Bob Perrin bought the 98-year-old building at the corner of 18th and Howard Streets for $470,000. He said he wants to restore it and convert it into condominiums or offices eventually.

A downtown building that Douglas County may demolish for a proposed justice center should be declared a local landmark, the Omaha Planning Board decided Wednesday.

The board voted 7-0 to recommend that the City Council grant a request from preservationists to declare 420 S. 18th St. a local landmark. The city’s Landmarks Heritage Preservation Commission had voted in August to recommend landmark status for the property.

The Planning Board vote followed the City Planning Department’s recommendation. In an interview after the meeting, City Planning Director David Fanslau said the Planning Board vote and his staff’s backing of the landmark status do not constitute a position on the county’s proposed justice center project.

“It is strictly their opinion, and our opinion, on the building as it sits right now, its historical significance,” Fanslau said. “And if it’s worthy of local designation.”

Planning Board member David Rosacker, who has done historic renovations during his career as a builder for more than 45 years, said it bothers him when “good old buildings get torn down.”

“When you see an old building that has character, whether it’s a building you particularly like or not is really irrelevant. They have character,” Rosacker said. “It’s a valid thing for us to be able to consider opportunities to protect them.”

The county wants the building as part of the site for a proposed justice center. The proposal calls for two buildings and a parking garage. A 10-story courthouse annex would be built at the southwest corner of 18th and Harney Streets. And a new juvenile detention center would be built next door on land that includes 420 S. 18th St.

The owner, architect Bob Perrin, doesn’t want to sell the property. He says he wants to preserve and renovate the building into retail space and apartments. He has filed a lawsuit to try to stop the county’s eminent domain action. A judge issued a temporary restraining order in September that prohibits the county from taking title to the property until after the judge can hear Perrin’s arguments.

The landmark designation could go to the City Council in about four to six weeks. Because of Perrin’s lawsuit, it now appears likely that the council would consider the landmark designation before the county could take possession of the building and demolish it.
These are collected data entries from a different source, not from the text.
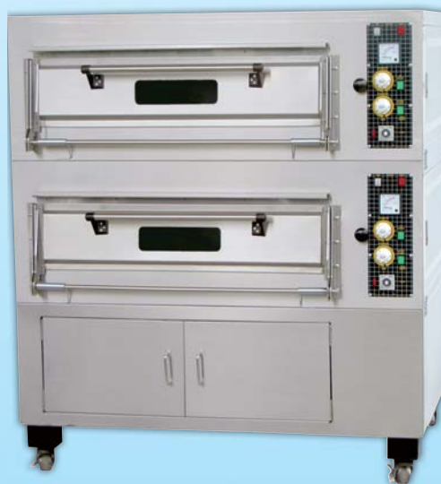
二層四盤 凸面電烤箱 TYE204CK-E 外徑 External Size W140×D95×H158cm 內徑 Baking Chamber Size W97×D76×H20cm 用電量 Power Consumption 12KW
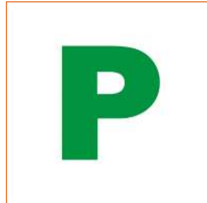
Figuur 4: Voorbeeld van een P-plate

De verschillende constituerende landen van het Verenigd Koninkrijk kunnen zelf hun eigen regelgeving bepalen op het gebied van rijbewijzen en verkeersveiligheid. Voor beginnende bestuurders betekent dit in de praktijk echter dat alleen Noord-Ierland een afwijkend systeem heeft en dat de systemen in Engeland, Schotland en Wales hetzelfde zijn. Voor deze studie is in principe alleen gekeken naar Engeland, andere relevante aspecten uit andere gebieden worden voor de volledigheid echter ook meegenomen. In Engeland moeten beginnende bestuurders (die minder dan een jaar geleden hun rijbewijs gehaald hebben) een witte sticker met de letter 'P' op de auto plaatsen (zie figuur 4).
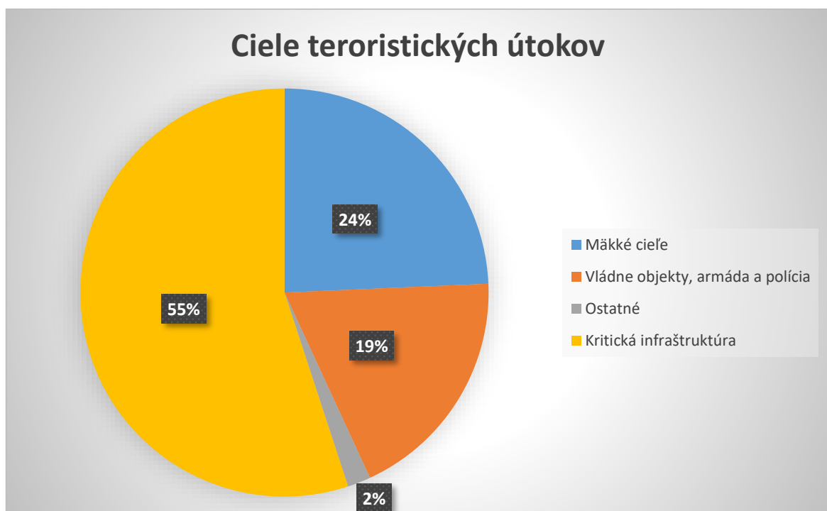
Graf 1 – Ciele teroristických útokov. (Kalvach, 2016)

Nasledujúce grafy prezentujú ich ciele a metódy útoku:
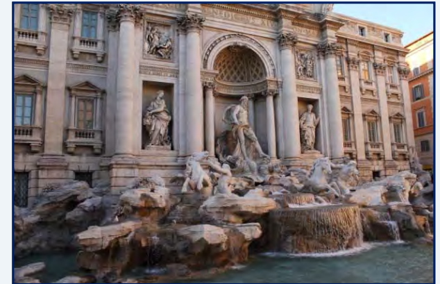
La fontaine de Trévi
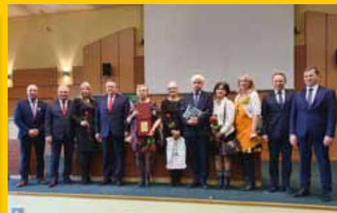
Dzień soltysa z odznaczeniami (s. 10)
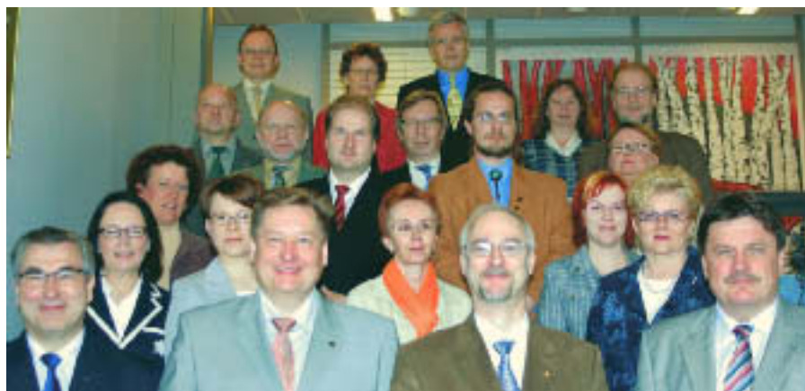
Pohjois-Savon maakunnan yhteistyöryhmän jäseniä.

Jokaisessa maakunnassa toimii EU:n rakennerahasto-ohjelmien toimeenpanoa ja alueen kehittämistoimenpiteiden yhteensovittamista varten maakunnan yhteistyöryhmä (MYR). MYRin asettaa maakuntahallitus. Kokoonpanossa ovat kumppanuusperiaatteen mukaisesti tasapuolisesti edustettuina maakunnan liitto ja sen jäsenkunnat, valtion aluehallintoviranomaiset sekä keskeiset työmarkkina- ja elinkeinojärjestöt eli nk. sosiaalipartnerit. Toimikausi jatkuu ainakin siihen saakka, kunnes nykyisen ohjelmakauden rakennerahasto-ohjelmat on toteutettu ja suljettu.

But the designation might be moot, legally. Typically, a landmark designation offers a building some protection from being demolished. But it’s unclear what effect, if any, landmark status would have on the county’s legal ability to tear down Perrin’s building, because the county’s eminent domain case was already underway when the landmark application was made.

However, Perrin is hoping the designation will help his cause in the court of public opinion. He said in September that he hoped a landmark designation would help convince county officials and the public that his building has historical value.

Brian Whetstone, with the preservationist group Restoration Exchange Omaha, applied for the landmark status. He contended that the building qualified on grounds of its historical uses: as an automobile dealership in the early days of cars in Omaha and later for soil and concrete testing by the U.S. Army Corps of Engineers.

Perrin called the building a historical gem “that has been hiding in plain sight.” He urged the Planning Board to endorse the landmark status as “recognition that we do have an historic property that we just didn’t know about.”

Rosacker enthusiastically concurred.

“It’s got its own character, but it’s got the flexibility for it to become a vibrant part of the downtown,” he said. “So I think it’s really worth our consideration as a landmark to be able to help preserve that opportunity.”